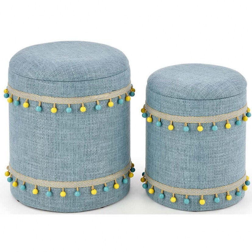 Σκαμπό Με Αποθηκευτικό Χώρο Drago (Σετ 2Τμχ) 162400539 Φ38x44/30x37cm Blue
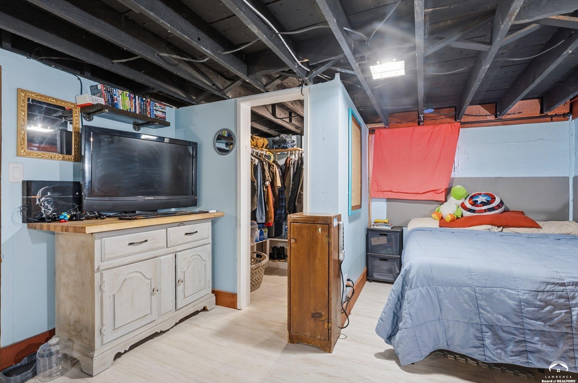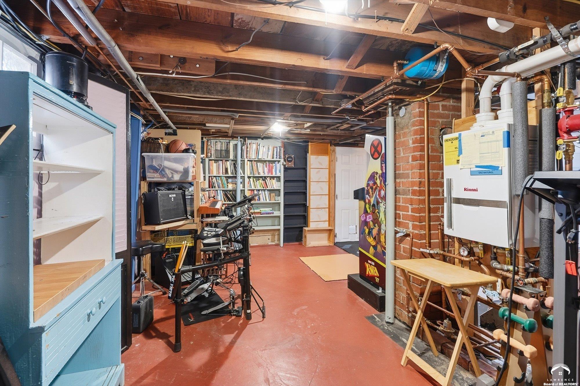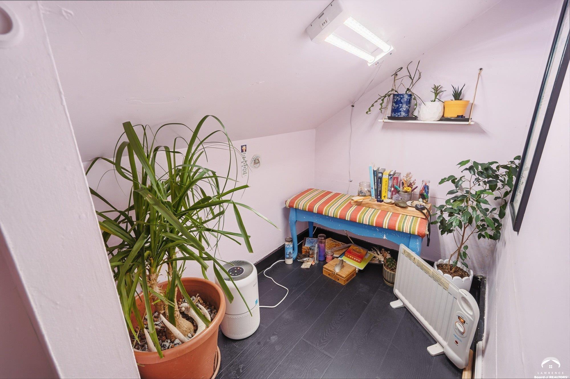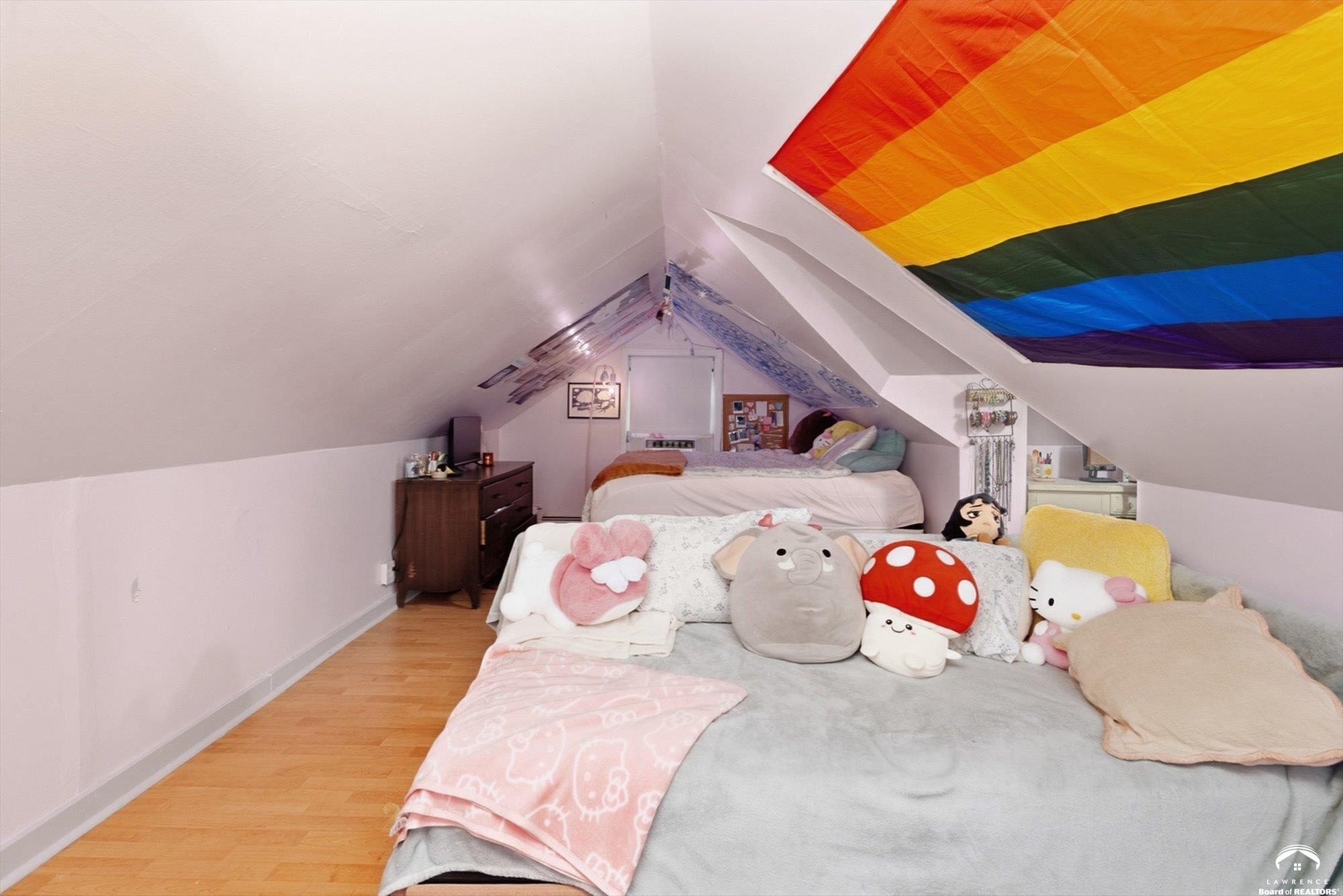 Location, location, location! Here's the cozy Barker neighborhood bungalow you've been waiting for! Full of the charm and character that you'd expect from a well-loved, nearly 100 year old home in a neighborhood that's known for its historic homes and mature trees. Nestled on the same block as the Barker Cafe & Bakery, you'll be close to nearly everything! Located near the grocery & hardware stores, the farmers market at Cottin's, restaurants, downtown Lawrence, KU and more! This home features a spacious living room full of windows and natural sunlight with newer hard surface flooring. The delightful kitchen has a newer stainless steel range/oven & ventilation system, and all appliances stay! There are two bedrooms on the main level accompanied with a full bathroom. Upstairs you'll find a 3rd bedroom featuring cozy and unique spaces created by the esthetically pleasing dormers. The basement features a 4th bedroom with an egress window, hard surface flooring and a walk-in closet accompanied by a convenient 3/4 bathroom and laundry room. Improvements over the last eight years include a NEW roof in Sept/2025, foundation work by Advanced Systems of NE KS, regrading, tankless water heater for endless hot water, new gutters in 2022, beautiful privacy fenced backyard with river rock landscaping & firepit perfect for entertaining. Spacious driveway for plenty of off-street parking! Imagine relaxing on the inviting covered front porch enjoying the wonderful Barker neighborhood, conveniently located to so many amenities and schedule your private showing today. Seller prefers to sell "AS IS". Inspections welcome.
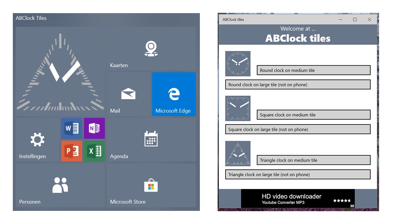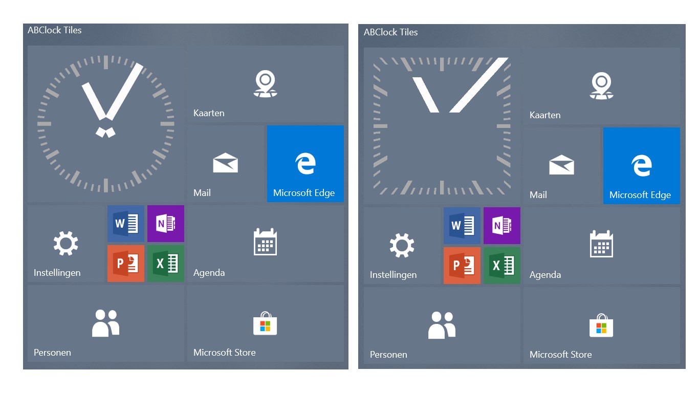 ABClock tiles, why this app name? A=Analog B=Backgroundtask C=Clock. This universal app provides three clocks (round, square, triangle) for medium or large tiles.

§ ASSIGNED TASK:
When repeating the material above, keep every line exact and drop all pictures.

§ SOLUTION TO THIS TASK:
 Σκαμπό Με Αποθηκευτικό Χώρο Drago (Σετ 2Τμχ) 162400539 Φ38x44/30x37cm Blue
 Location, location, location! Here's the cozy Barker neighborhood bungalow you've been waiting for! Full of the charm and character that you'd expect from a well-loved, nearly 100 year old home in a neighborhood that's known for its historic homes and mature trees. Nestled on the same block as the Barker Cafe & Bakery, you'll be close to nearly everything! Located near the grocery & hardware stores, the farmers market at Cottin's, restaurants, downtown Lawrence, KU and more! This home features a spacious living room full of windows and natural sunlight with newer hard surface flooring. The delightful kitchen has a newer stainless steel range/oven & ventilation system, and all appliances stay! There are two bedrooms on the main level accompanied with a full bathroom. Upstairs you'll find a 3rd bedroom featuring cozy and unique spaces created by the esthetically pleasing dormers. The basement features a 4th bedroom with an egress window, hard surface flooring and a walk-in closet accompanied by a convenient 3/4 bathroom and laundry room. Improvements over the last eight years include a NEW roof in Sept/2025, foundation work by Advanced Systems of NE KS, regrading, tankless water heater for endless hot water, new gutters in 2022, beautiful privacy fenced backyard with river rock landscaping & firepit perfect for entertaining. Spacious driveway for plenty of off-street parking! Imagine relaxing on the inviting covered front porch enjoying the wonderful Barker neighborhood, conveniently located to so many amenities and schedule your private showing today. Seller prefers to sell "AS IS". Inspections welcome.
 ABClock tiles, why this app name? A=Analog B=Backgroundtask C=Clock. This universal app provides three clocks (round, square, triangle) for medium or large tiles.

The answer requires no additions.